Trial courts therefore refuse to dismiss claims by way of demurrer or motion under the rubric the defendant broadly owes the plaintiff a duty of due care, no matter the tenuous nature of fatal causation.  Causation being a question of fact for the jury, the trial court does not conduct any detailed analysis of the facts of the case in terms of whether public policy indicates there should be liability, instead simply finding the case must proceed to a jury trial. 


As discussed in our prior post, one such example is Razoumovitch v. Hudson Ave. LLC (May 1, 2023) B316606.  The Second District, Division Seven held a tenant who accesses a roof area after being locked out of their apartment is owed a “duty of care” by their landlord to prevent injury from re-entering their apartment by attempting to “swing” up to roof ledge not designed to be accessed by tenants.  Razoumovitch concluded the general duty of due care applied because the defense had not shown there were clear public policy considerations that indicated otherwise.  Razoumovitch discussed the oft-cited proposition that someone is not owned a duty of due in regards to warning of an obvious defect.  But it also noted that this rule had a crucial exemption and does not apply where the injury is “foreseeable” because plaintiff has a “necessity” to encounter the harm, citing to Kinsman v.
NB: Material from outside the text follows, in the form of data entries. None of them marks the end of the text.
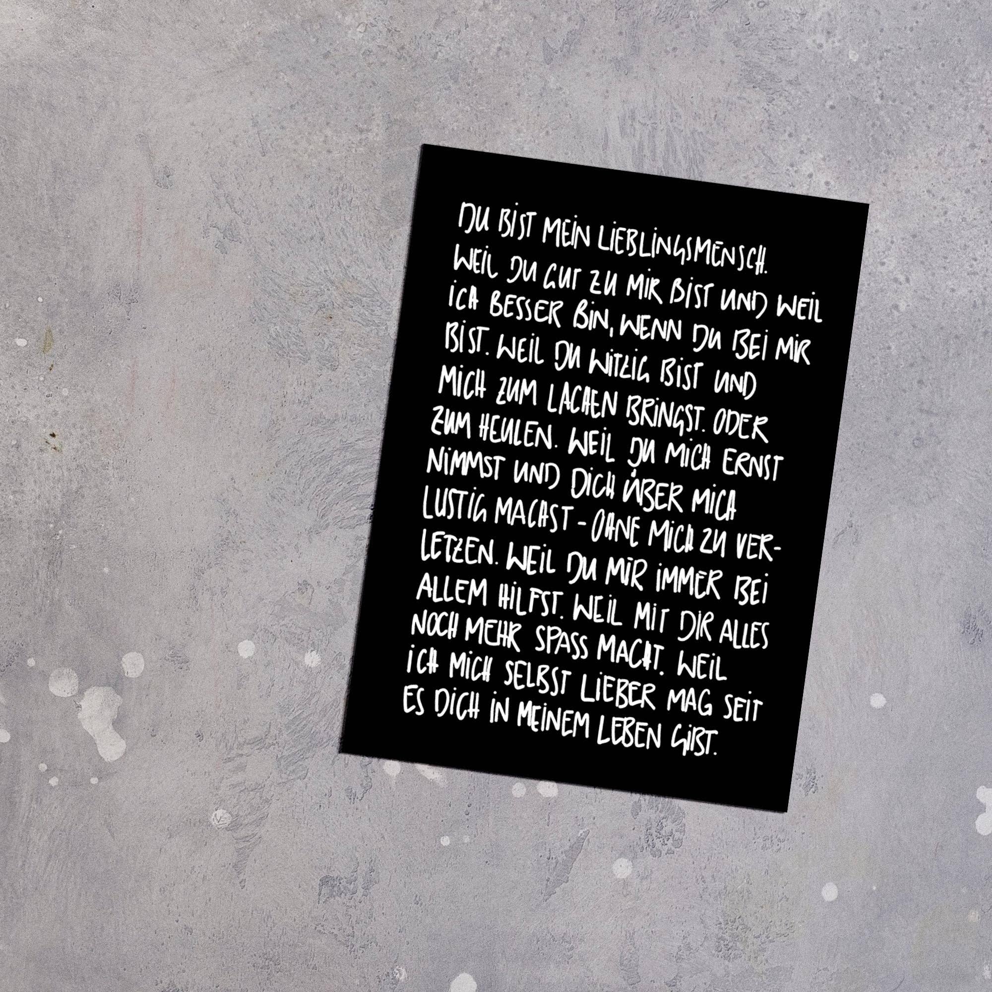 LOVE IS THE NEW BLACK Word verliefd op papier Fijnste ansichtkaarten en prints, notitieboeken, posters en accessoires. Met de hoogste eisen aan papier en typografie. Het label is een project van het Stuttgarter grafisch bureau BUERO MATTSCHWARZ en staat voor minimalistisch, gereduceerd design. De motieven leveren duidelijke boodschappen, gelegenheidkaarten zonder kitsch en statementkaarten zonder slechte grappen. Zo goed dat je ze misschien helemaal niet wilt versturen, maar inlijsten en aan je eigen muur wilt hangen. "We houden van zwart. En wit. We houden ervan om dank je, hallo en ik hou van je te zeggen. We zeggen niet graag vaarwel. Maar als we dat doen, willen we tenminste dat het er goed uitziet." Alle producten worden regionaal en CO2-neutraal geproduceerd.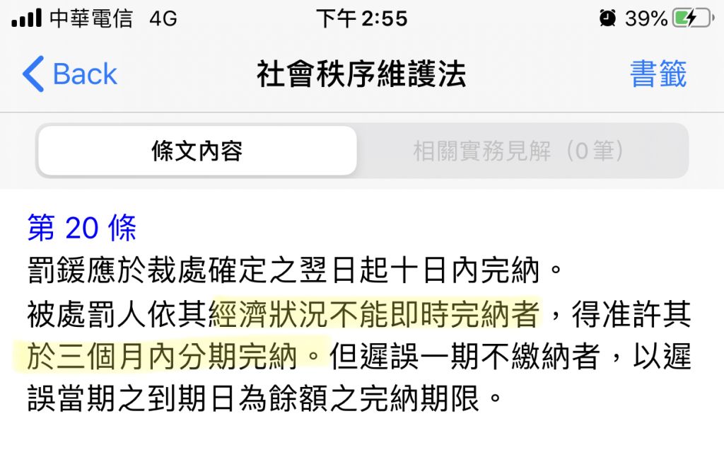 II. 被處罰人依其經濟狀況不能即時完納者,得准許其於3個月內分期完納。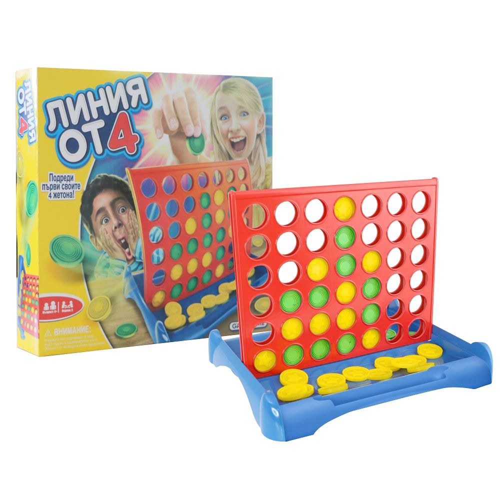 Подреди първи линия от 4 жетона от твоя цвят диагонално, хоризонтално или вертикално!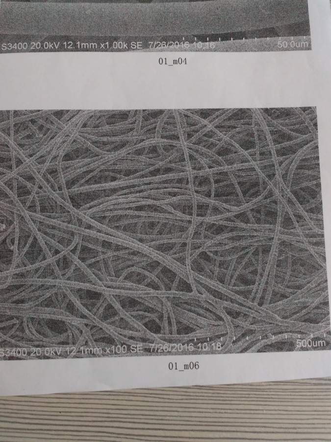 这是氧气传感器中的电极隔膜,电解液是强碱性的,这纤维隔膜看上去朴实无华,但是性能太好,耐强碱,吸水性超强,绝缘,而且穿刺能力也很好。用SEM拍了一下,纤维丝非常光滑啊,没见过这种,好高级的样子 IMG_20160909_103046_1.jpg IMG_20160909_103117_1.jpg IMG_20160909_103345_1.jpg |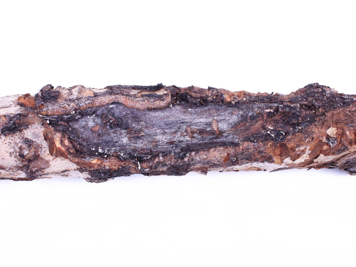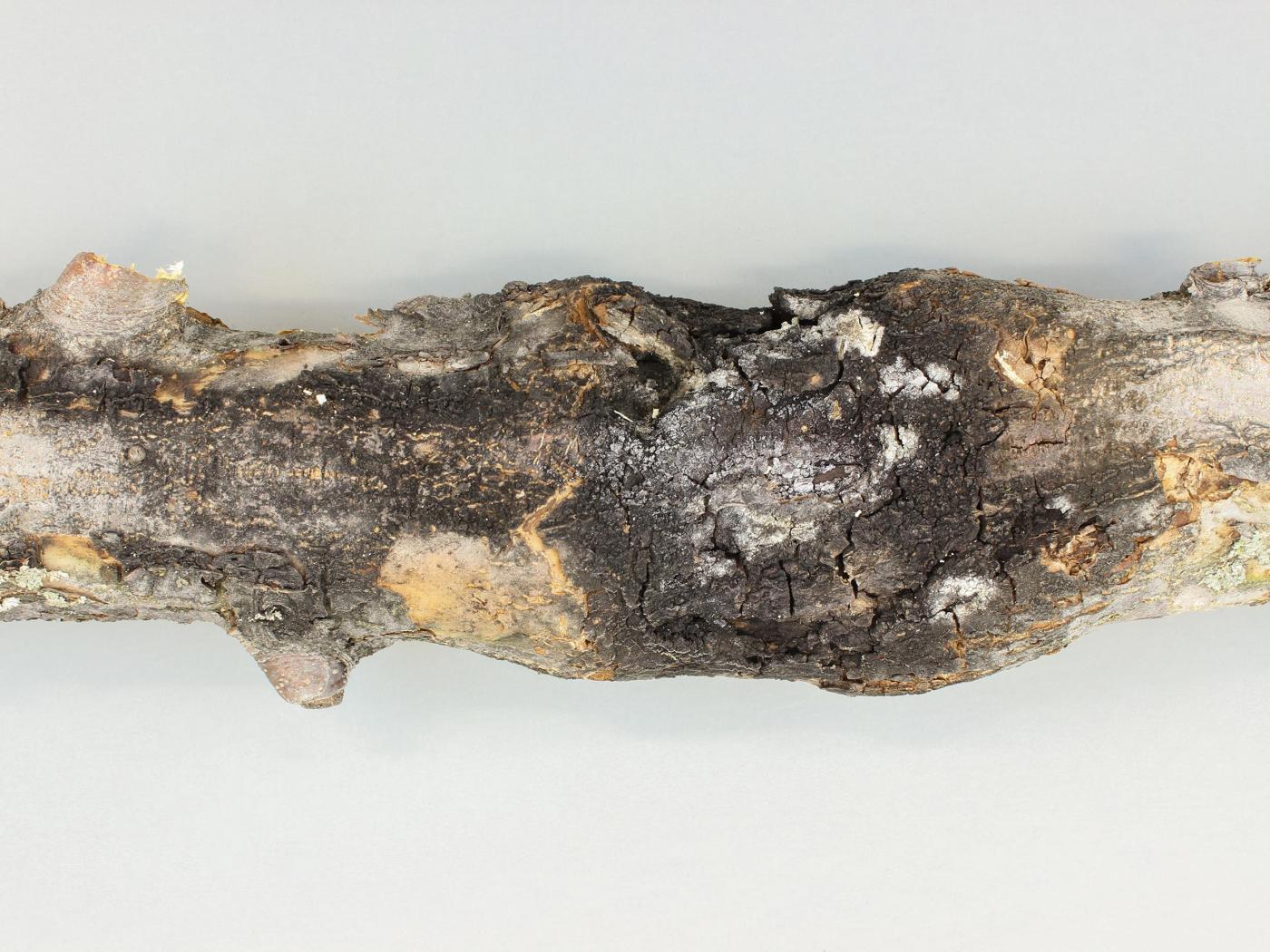 Description: Un segment de branche de pommier montre un chancre brun et une sporulation noire. Le chancre est parsemé de fissures et encercle la branche. Les tests de laboratoire ont révélé la présence du champignon Botryosphaeria sp., responsable du chancre à Diplodia.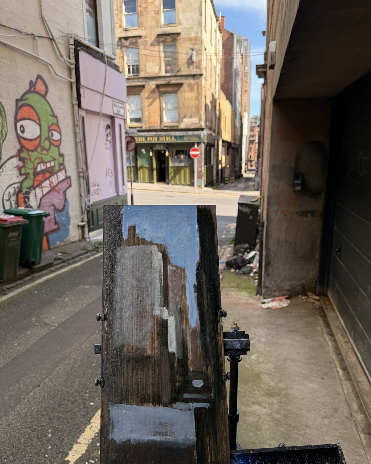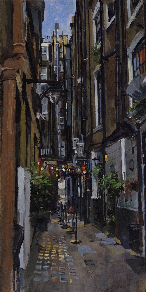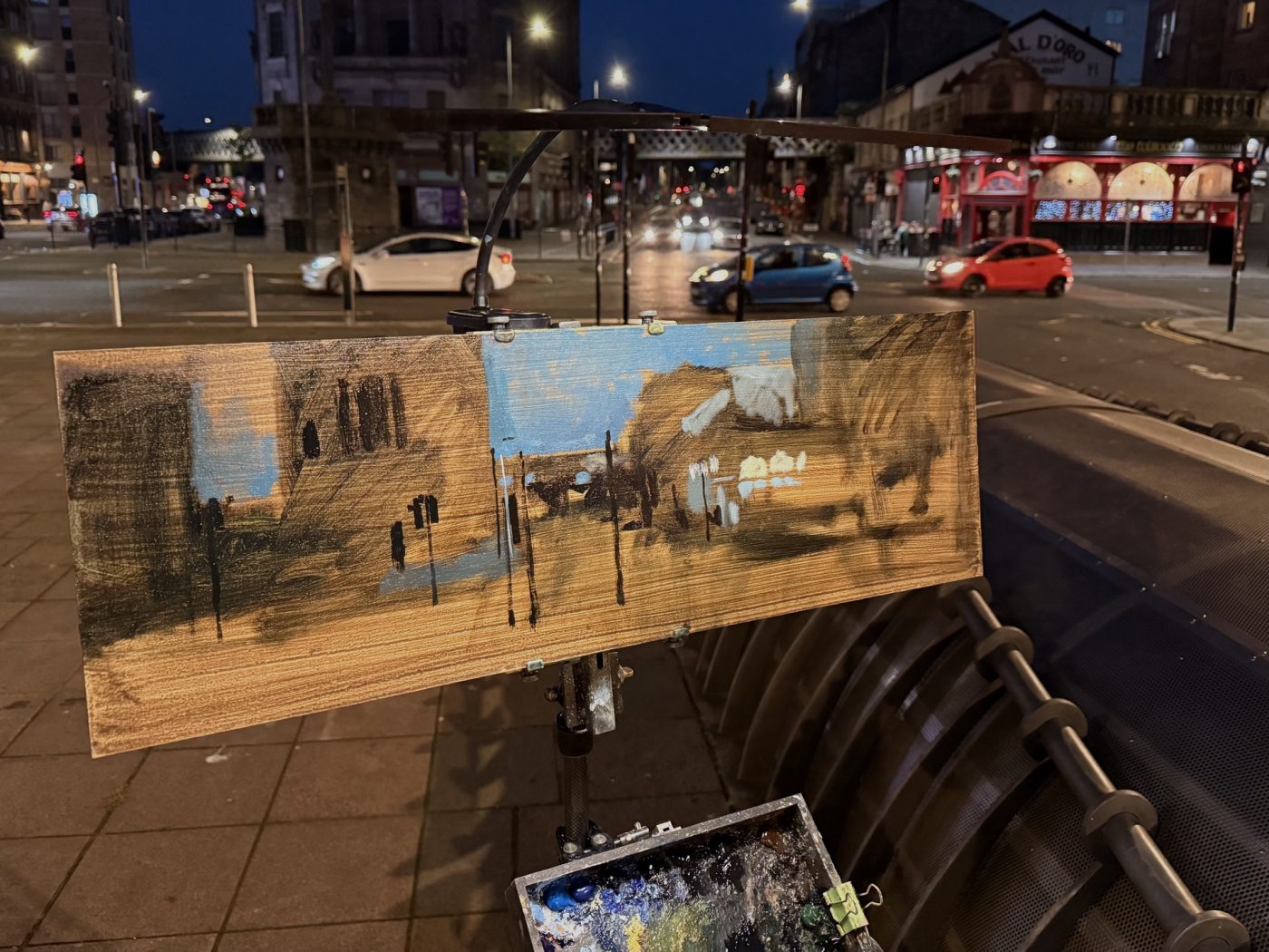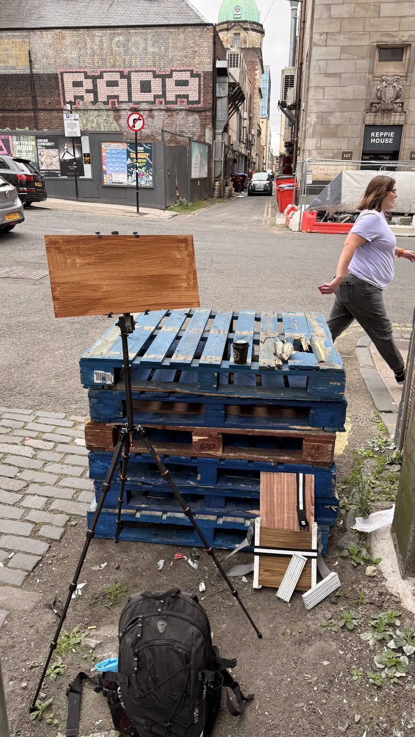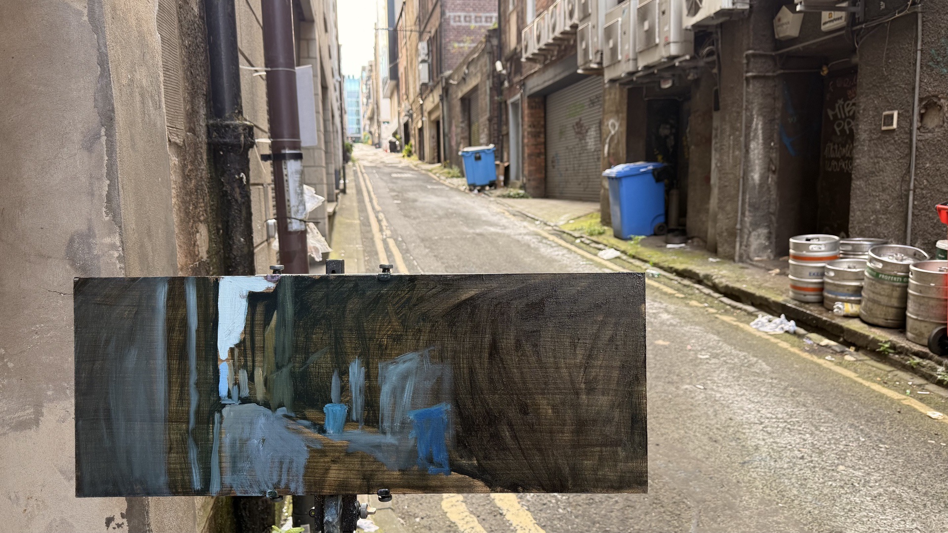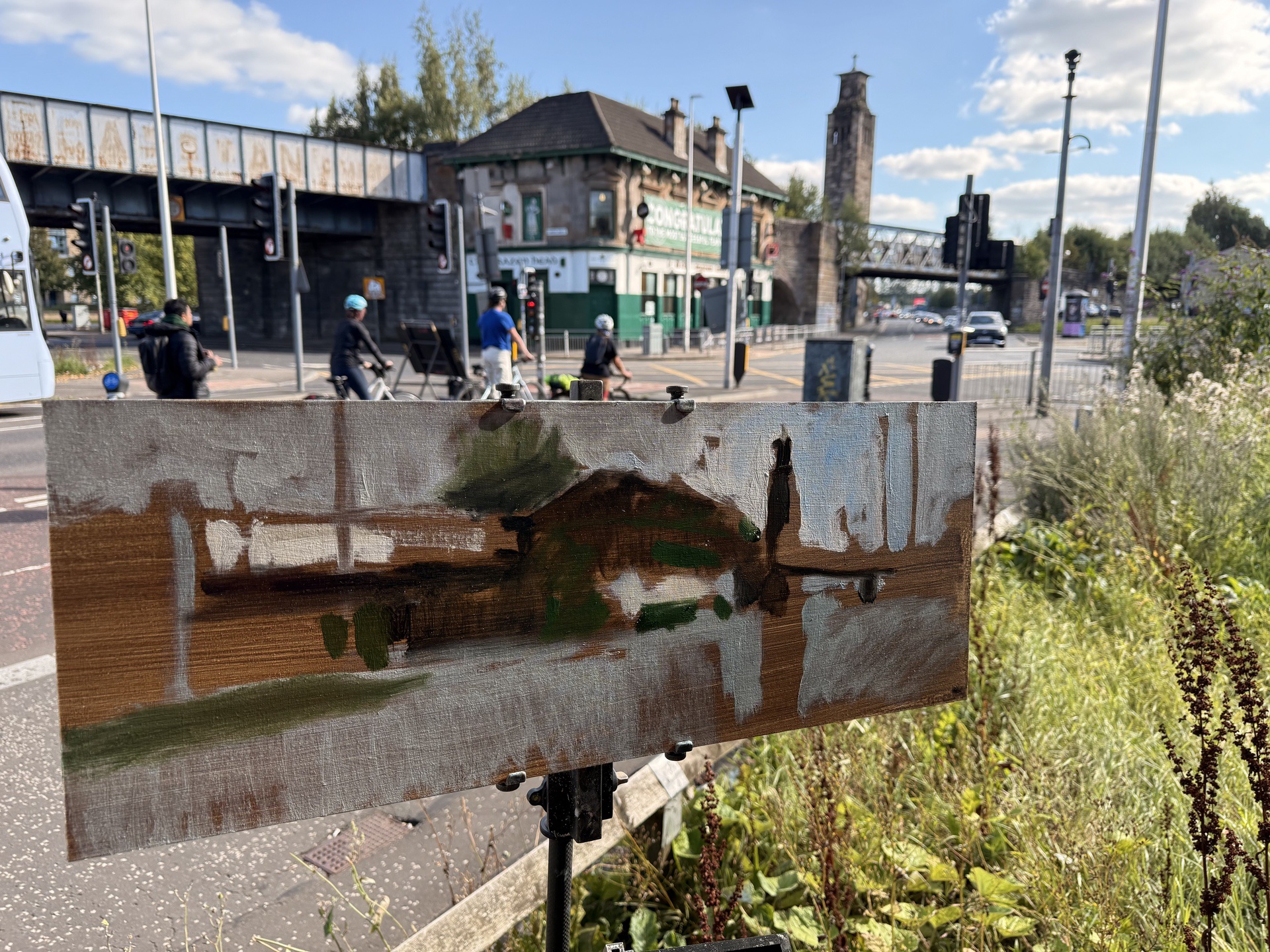This means lugging mutiple canvases and boards, large and small, easel, palette and paints down winding rocky paths to the beach, through fences and nettles into woodland or through the bustling streets of Soho dodging traffic and busy urban life and navigating public transport with large wet canvases in London Glasgow and Rome.

Unocal Corp. (2005) 37 Cal. 4th 659, at 673.


While it would be speculative to say whether or not Razoumovitch would have been decided differently had Kuciemba been decided first, there is considerable language in the latter opinion which may be cited to rebut the contention that every defendant owes a duty of due care to every plaintiff with no exception.  Specifically, the Supreme Court in Kuciemba made it plain the burden to society caused by imposing a duty of due care, and, in particular, imposing a duty under novel circumstances, is an important factor for courts to consider.


Defendants may therefore wish to cite to Kuciemba’s discussion as to the scope of the potential liability imposed, as the Supreme Court aptly noted that virtually every employer in the state would become a potential defendant if a duty were owed by employers to family members to prevent employee exposure to COVID.  


The court continued this analysis by noting the impracticability of imposing liability upon employers given they “cannot fully control the risk of infection because many precautions, such as mask wearing and social distancing, depend upon the compliance of individual employees.” (Id., p. 38.)  Moreover, even though imposing such liability night encourage employers to enact more stringent safety measure, it is also true that measures taken by employers to lessen their liability might impede the delivery of essential services. (Id., p. 43.)  


Courts deciding issues of duty in other contexts should be asked to undertake a detailed public policy analysis -- as part of their ruling upon a demurrer or motion for summary judgment -- with similar rigor rather than simply finding the defendant owes anyone and everywhere a duty of due care under Civil Code section 1714(a).  Where a trial court refuses to do so and the economics of the case warrant such, a writ petition, such as a Petition for Peremptory Writ made pursuant to Code of Civil Procedure section 437c(m)(1), may be filed arguing the trial court did not properly consider the issue of duty as it did not undertake the analysis required by Rowland, Cabral, and Kuciemba.